Here is part of the opening from Bloomberg's report on the main story in Asia today:
India's central bank raised its benchmark interest rate more than forecast to quell the fastest inflation among major economies, spurring a slide in stocks and gain in the rupee.

The Reserve Bank of India increased the repurchase rate to 8 percent from 7.5 percent, it said in a statement in Mumbai today. None of the 22 economists surveyed by Bloomberg News predicted today's decision. Twenty estimated a quarter-point rise, while the remainder expected no change.

Governor Duvvuri Subbarao acted as the central bank elevated its inflation forecast for the year through March by 1 percentage point, to 7 percent. With rising rural wages and a lack of corporate investment growth straining capacity, India's price pressures mean it lacks the leeway in setting monetary policy afforded to counterparts in South Korea, Malaysia and Indonesia, which kept borrowing costs unchanged this month.

"Today's policy action will reinforce the point that in the absence of complementary policy responses on both demand and supply sides, stronger monetary policy actions are required," Subbarao said at a press conference in Mumbai today. "A change in stance will be motivated by signs of a sustainable downturn in inflation."

India's benchmark wholesale-price inflation, which quickened to 9.44 percent in June, may remain near 10 percent until November, according to HSBC Holdings Plc and Yes Bank Ltd.
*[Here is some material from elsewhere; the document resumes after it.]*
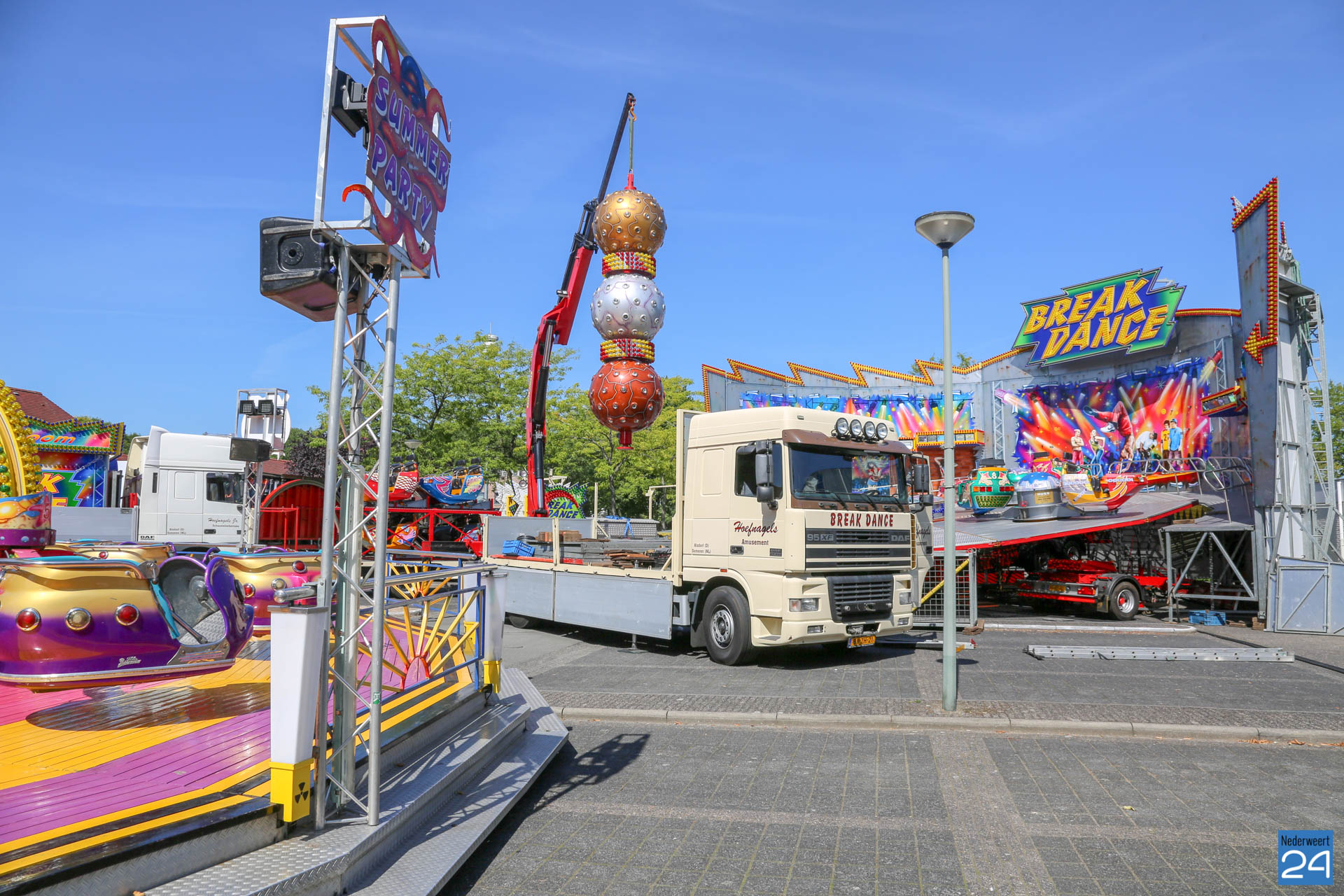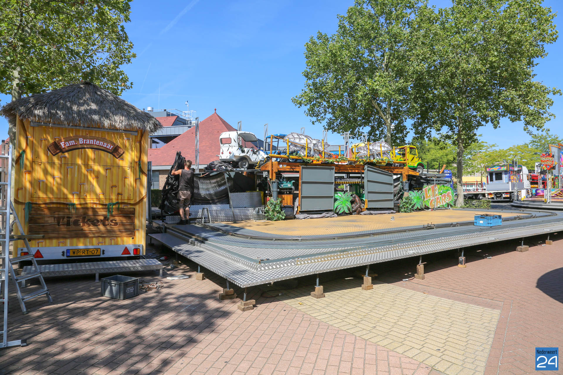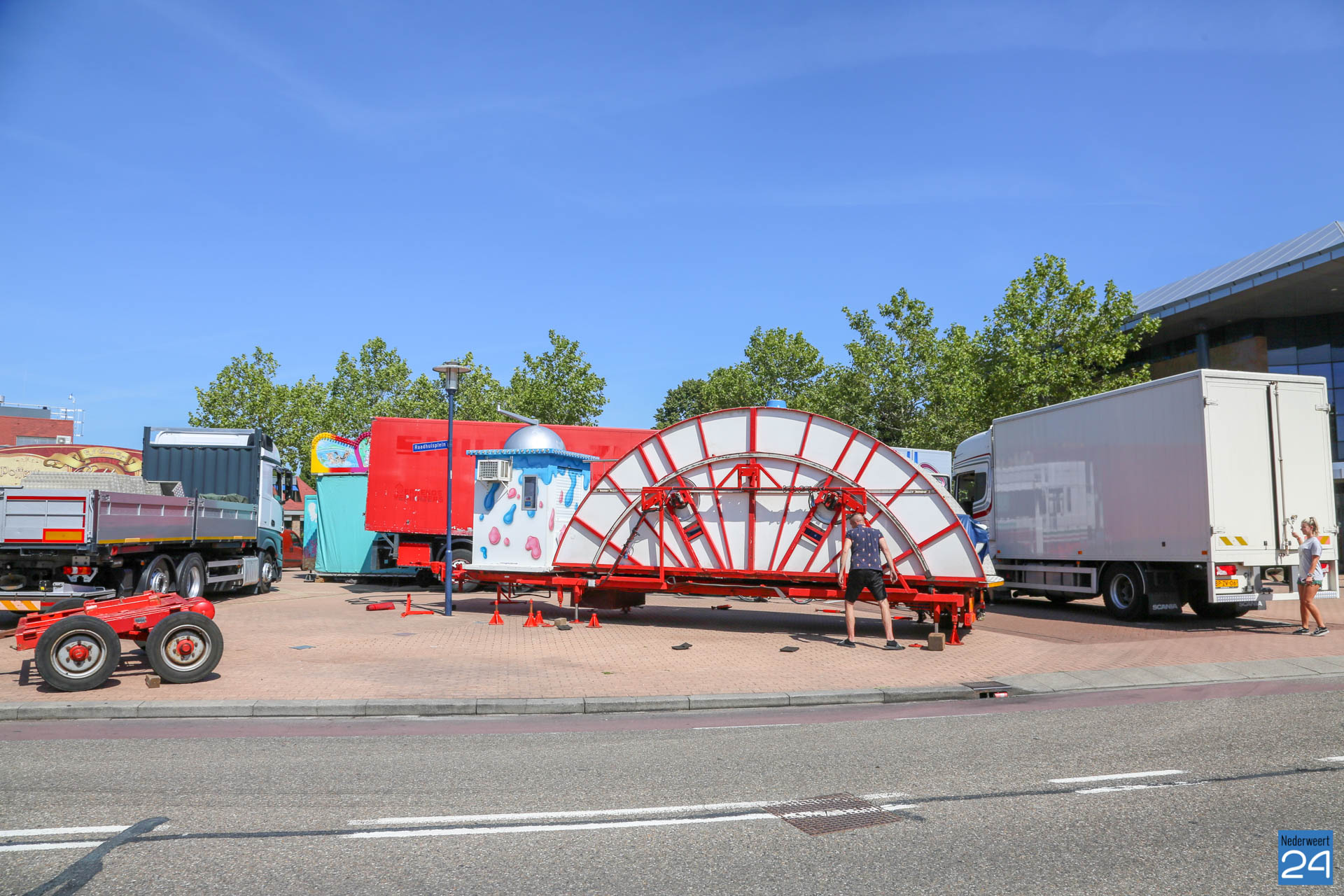 De opbouw van de kermis in Nederweert is van start. Woensdagmiddag arriveerden de eerste kermisexploitanten met hun attracties op het Raadhuisplein en Geenestraat. Donderdag was het een drukte van jewelste op het kermisterrein.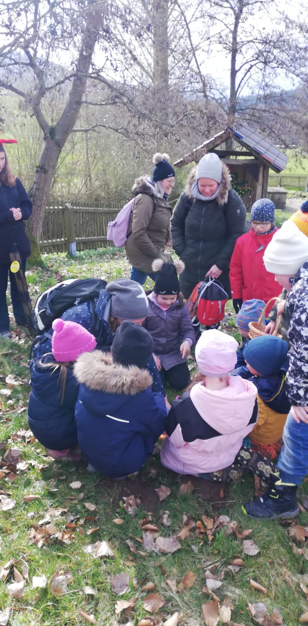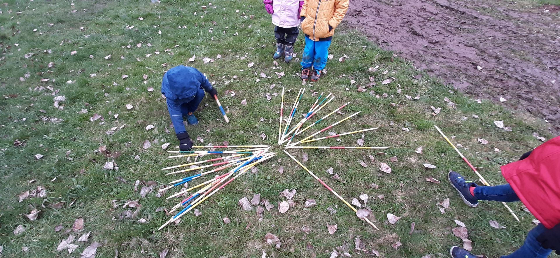 Im Anschluss machten wir noch einen Ostereierlauf, bei dem wir uns gegenseitig anfeuerten. Sogar beim abschließenden Riesenmikado waren einige noch voll konzentriert. Als der plötzliche Schneefall einsetze, wanderten wir wieder zurück nach Gersfeld.

By comparison, consumer prices rose 6.7 percent in Brazil, 9.4 percent in Russia, 6.4 percent in China and 5 percent in South Africa.

David Fuller's view Markets do not like unpleasant surprises and a larger than expected interest rate hike certainly qualifies. However, larger rate hikes almost invariably occur in the latter stages of a monetary tightening cycle.

We last saw this between June and August 2008, when the Reserve Bank of India raised its REPO rate (Bloomberg has yet to update this chart but the rate is now 8%) in two 50 basis points hikes taking it from 8% to 9%, where they stayed until the first in a series of sharp cuts commenced in October.

RBI governor Duvvuri Subbarao is unlikely to know where he will halt rate hikes, since this depends mainly on India's inflation, but he is likely to do what he considers necessary. This poses a near-term risk for India's stock market (weekly & daily). Foreign investors have been buying in recent months and would have been aware of upward pressure on rates. We may be about to find out if their nerve holds.

Personally, I am in for the long term and remain a likely buyer on weakness.